It is easy to suppose that the greatest authors of the 19th century have all already been discovered. Especially when it comes to French literature, one notices the same names come up over and over again. Yet for every Balzac, Flaubert or Zola, there is at least one author who has been forgotten by history, brushed aside, and reduced to a footnote. That need not mean that these authors don’t have compelling stories to tell which are still relevant to this day.
A good example of this is Octave Mirbeau. The French journalist was a prolific writer and at the centre of Parisian intellectual life. As an art critic, he was an early supporter of Van Gogh’s and good friends with the likes of Claude Monet and Auguste Renoir. Some of his plays, like Les affaires sont les affaires, were highly successful at the time and are still performed by the Comédie Française today. In 1900, he released his fifth novel, Le Journal d’une femme de chambre, which instantly became an example of the notorious ‘succès de scandal’ genre. Nonetheless, Mirbeau’s extensive work has largely been forgotten over the past 100 years.
It was not until the 1980s and the onset of second wave feminism that Mirbeau and his substantial literary oeuvre began to gain some recognition. But still, even to this day, Mirbeau is rarely talked about, despite having been admired by many peers, including Tolstoy. His books, although in print, are rarely on offer in bookstores. This, to me, is scandalous, because the quality of Mirbeau’s work rivals that of any of his contemporaries. His Journal of a Chambermaid in particular is one of the greatest novels of its time. Its humour and social criticism are as relevant today as they were 125 years ago.
Its narrative centres around Célestine, a witty young woman who works as a domestic servant in the household of the Lanlaire family. In her diary, she records the idiosyncrasies of her bourgeois employers as well as of the people around her. She is the constant object of male desire, yet she is able to use this to her own advantage. The resulting image is that of a sexually empowered and independent woman. In the end, she escapes her position as a chambermaid by going to Cherbourg with the brutish gardener Joseph, a bittersweet end at a time when social mobility was out of reach for many domestic servants.

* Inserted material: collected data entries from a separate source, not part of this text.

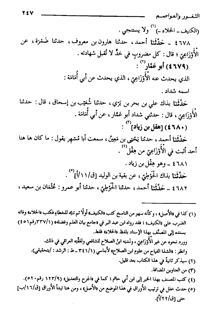 4678- حَدَّثَنا أَحْمَدُ، حَدَّثَنَا هارون بْن معروف، حَدَّثَنَا ضَمْرَة، عَنِ الأَوْزَاعِيّ؛ قَالَ: كل مضروبٍ فِي حَدٍّ لا تُقبل شهادته.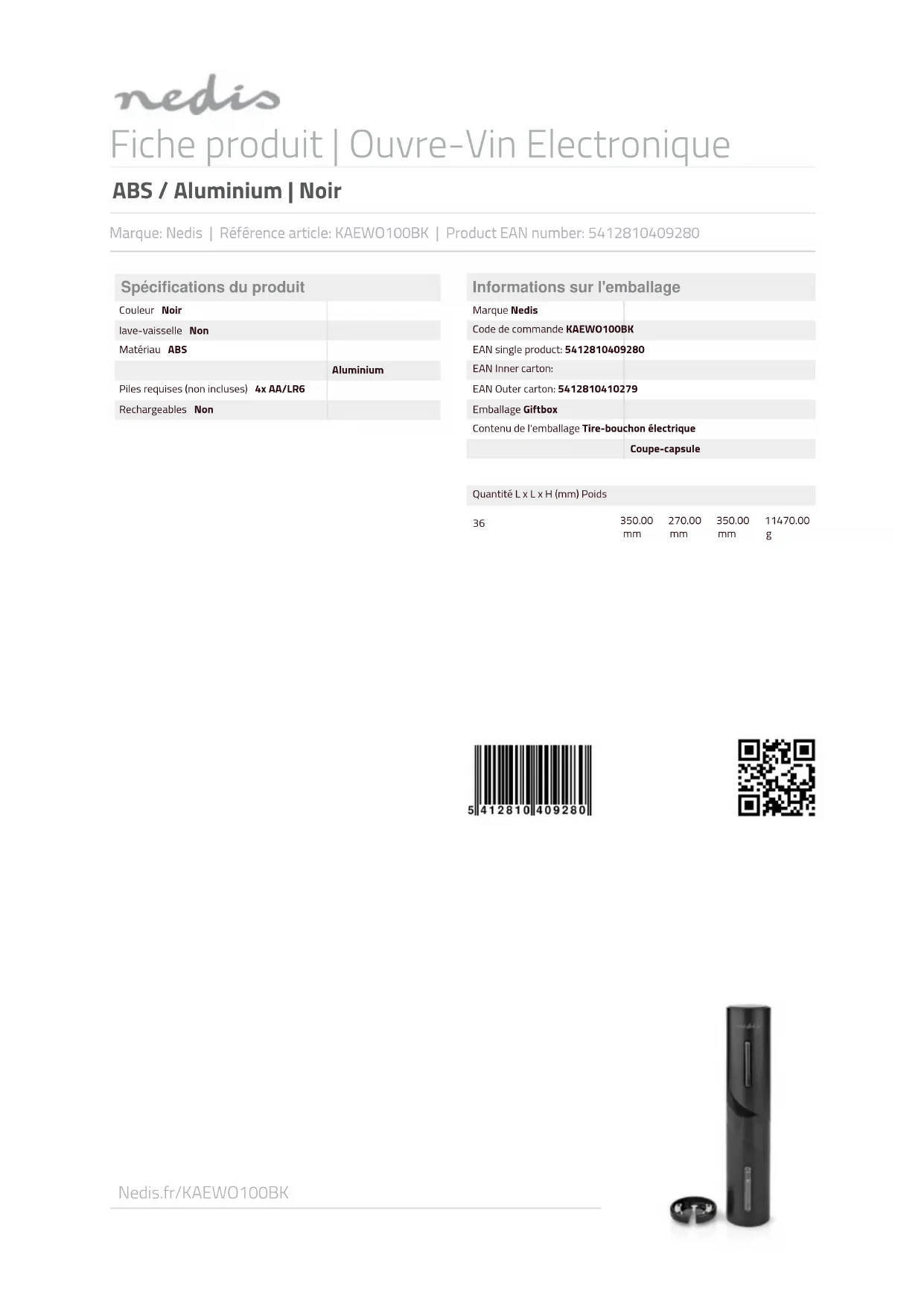 Nedis.fr/KAEWO100BK Fiche produit | Ouvre-Vin Electronique ABS / Aluminium | Noir Marque: Nedis | Référence article: KAEWO100BK | Product EAN number: 5412810409280 Spécifications du produit Couleur Noir lave-vaisselle Non Matériau ABS Aluminium Piles requises (non incluses) 4x AA/LR6 Rechargeables Non Informations sur l'emballage Marque Nedis Code de commande KAEWO100BK EAN single product: 5412810409280 EAN Inner carton: EAN Outer carton: 5412810410279 Emballage Giftbox Contenu de l'emballage Tire-bouchon électrique Coupe-capsule Quantité L x L x H (mm) Poids
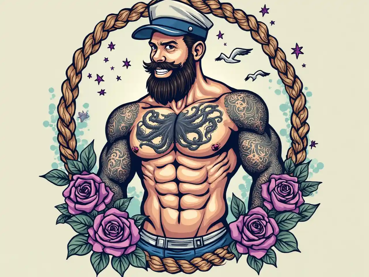 Vintage-tatuaatio, jossa on lihaksikas ja parrakas latino. Hänellä on monimutkaiset tatuoinnit, kuten mustekalan rinnalla, ja hänellä on vanha merimiehappi ja. Paletissa on rohkeita piirroksia ja haurauksia, kuten violetti, salvia ja teal. Luodaan tausta, jossa on merimerkkejä, kuten köysi, hajallaan olevat tähdet, albatros-lintu ja violetti ruusut, jotta tatuointi on estetistä.

If the novel is so good, why has nobody heard of it? I believe this has to do with the way that we perceive literature today. People like to place authors within a literary canon that is subdivided into movements. It is easy to label Balzac a ‘Realist’, Zola a ‘Naturalist’ or Hugo a ‘Romantic’. Yet when it comes to Mirbeau, none of these labels easily fit. He stands out from the Symbolist and Decadent currents popular during his time, and this inability to place Mirbeau within the literary landscape has contributed to his disappearance from textbooks and literary journals.

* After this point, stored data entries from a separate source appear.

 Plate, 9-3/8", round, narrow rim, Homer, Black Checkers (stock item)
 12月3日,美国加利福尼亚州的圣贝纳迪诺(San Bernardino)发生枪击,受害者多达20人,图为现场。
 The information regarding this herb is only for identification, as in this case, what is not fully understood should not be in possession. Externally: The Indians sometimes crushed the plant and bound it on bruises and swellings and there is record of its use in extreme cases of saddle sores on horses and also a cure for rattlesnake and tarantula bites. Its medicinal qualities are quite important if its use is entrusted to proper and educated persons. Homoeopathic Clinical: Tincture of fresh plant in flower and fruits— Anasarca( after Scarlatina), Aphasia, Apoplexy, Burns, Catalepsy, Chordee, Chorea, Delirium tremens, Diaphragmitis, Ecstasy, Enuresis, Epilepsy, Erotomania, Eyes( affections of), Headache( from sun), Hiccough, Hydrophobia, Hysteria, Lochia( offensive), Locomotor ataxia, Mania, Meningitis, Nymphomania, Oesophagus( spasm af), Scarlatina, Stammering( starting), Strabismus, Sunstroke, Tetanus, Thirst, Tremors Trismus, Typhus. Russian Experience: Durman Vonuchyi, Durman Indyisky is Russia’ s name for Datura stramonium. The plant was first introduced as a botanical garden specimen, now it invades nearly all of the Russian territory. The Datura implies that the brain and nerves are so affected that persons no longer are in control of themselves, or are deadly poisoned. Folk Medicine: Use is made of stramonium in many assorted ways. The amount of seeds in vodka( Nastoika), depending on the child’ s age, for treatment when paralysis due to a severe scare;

However, there are other elements that make the novel unconventional and subsequently less attractive in the eyes of some literary critics. On the one hand, Mirbeau’s characters in Le Journal d’une femme de chambre are mostly caricatures who, through exaggeration, enable Mirbeau to introduce both humour into the story and underline his political commentary. On the other hand, the novel’s plot focuses on an independent working class woman who, whilst very critical of the people around her, has insight limited to her immediate environment rather than society as a whole. The novel’s detractors have thus sometimes argued out of pure prejudice against a book whose female narrator makes them uncomfortable.

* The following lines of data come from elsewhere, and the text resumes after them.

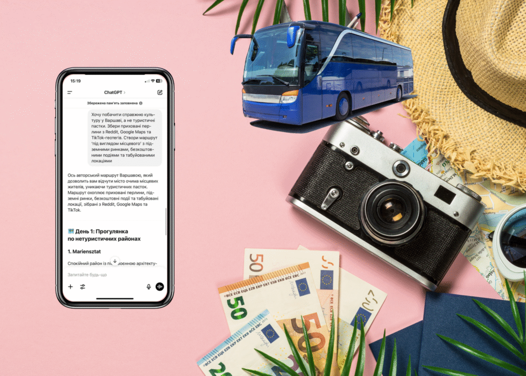 “Хочу побачити справжню культуру в [місті], а не туристичні пастки. Збери приховані перлини з Reddit, Google Maps та TikTok-геотегів. Створи маршрут ‘під виглядом місцевого’ з підземними ринками, безкоштовними подіями та табуйованими локаціями”.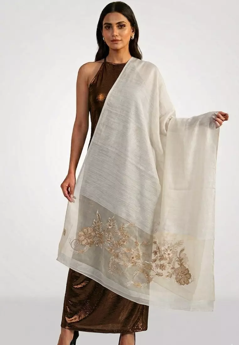 Golden Thread Embroidery Camelia Floral Silk Shawl Syal Sutra Wanita Broken White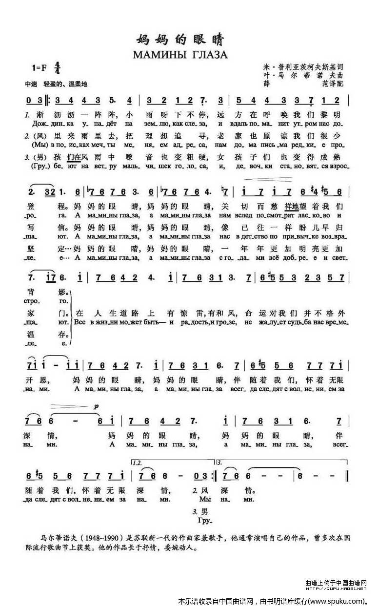 - [歌谱] 妈妈的眼睛 前苏联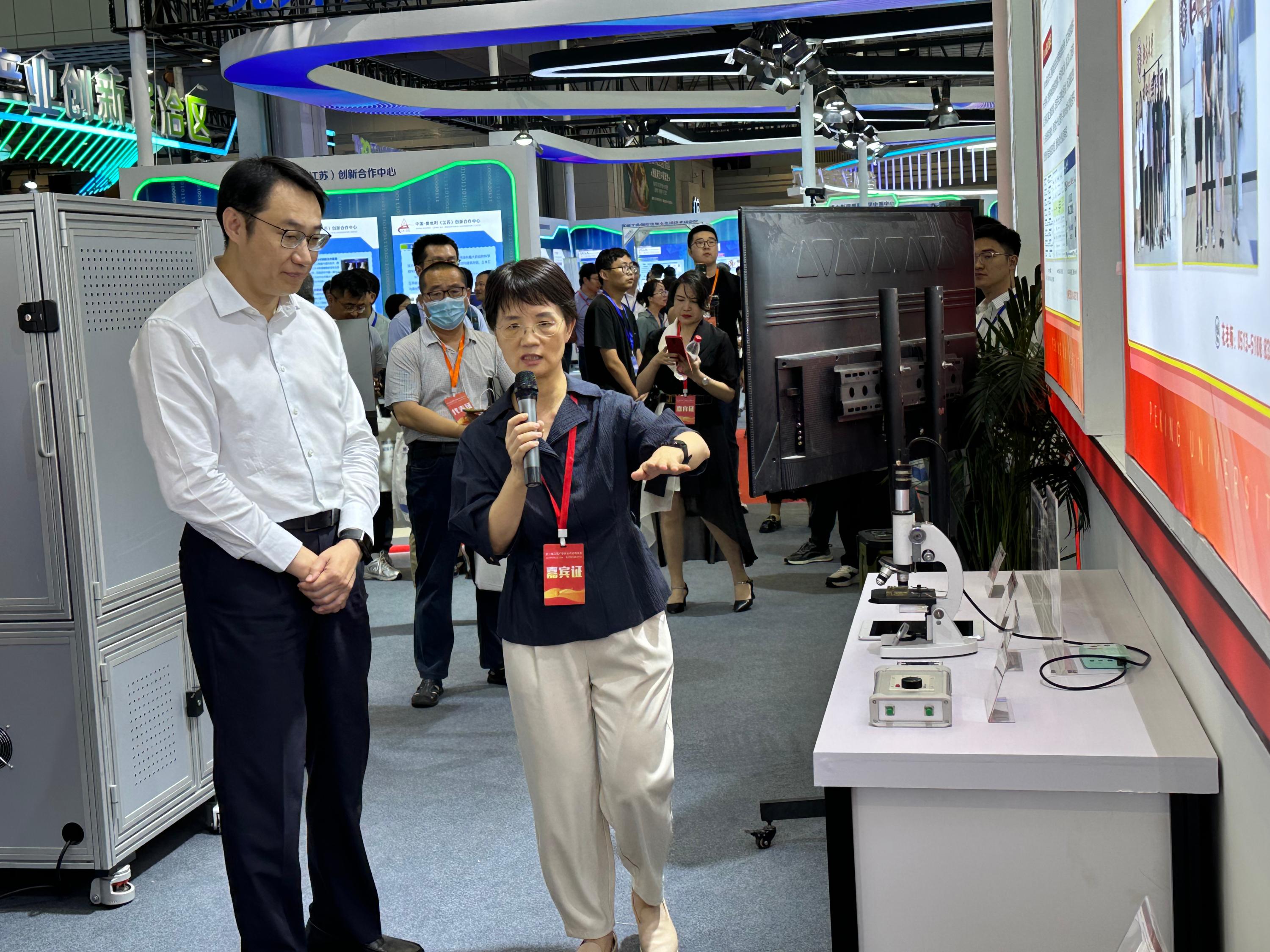 9月11日上午,第十四届全国政协委员、江苏省人民政府党组成员赵岩,江苏省委组织部副部长季振华分别莅临我院展位参观指导工作。杨宏副院长接待了来访嘉宾,详细介绍了研究院的最新研发成果,并且重点介绍了活细胞超分辨全景显微镜产业化研发及应用情况。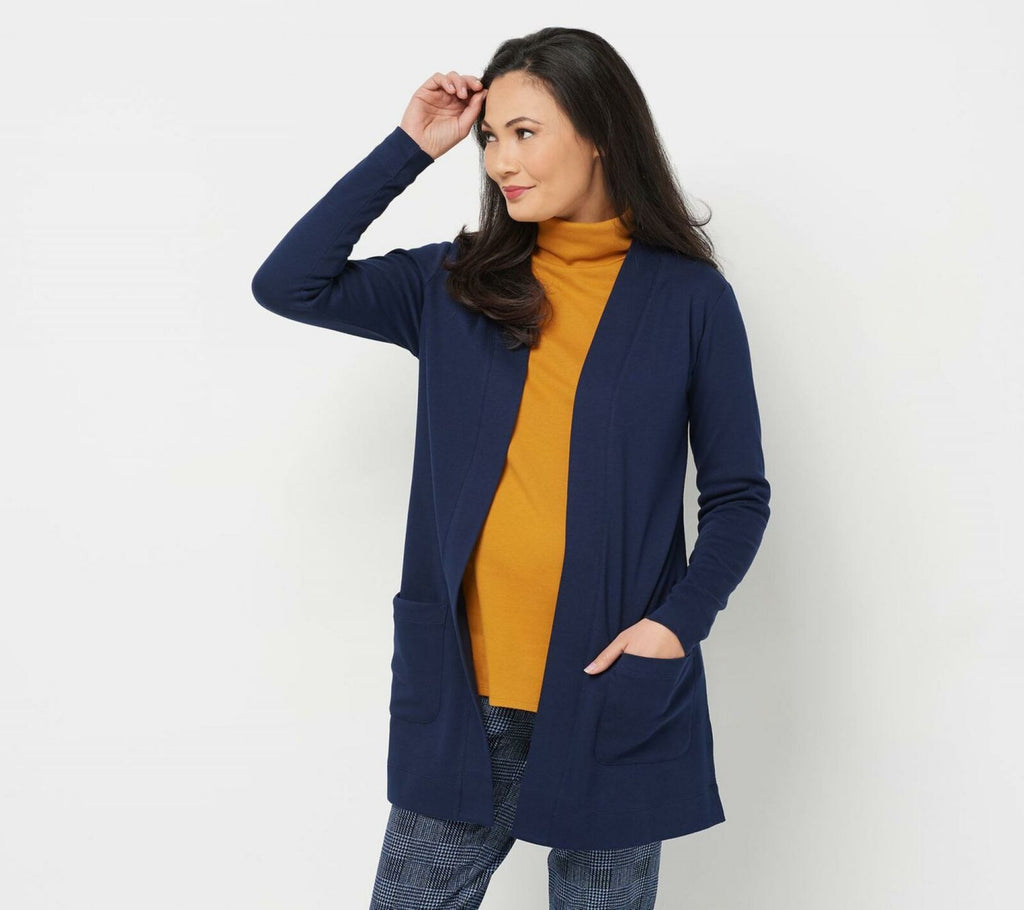 Isaac Mizrahi Live! Essentials Women's Open Front Cardigan Dark Navy Small

I would advise everyone to pick up a copy, if they can. Especially those who have access to the French original, who will find it to be both an entertaining and eye opening read. We live at a time in which people are rediscovering voices from the past previously misunderstood or silenced. The best way to support such authors is to read their works. Who knows how many lost Balzacs or Zolas we might uncover in the process.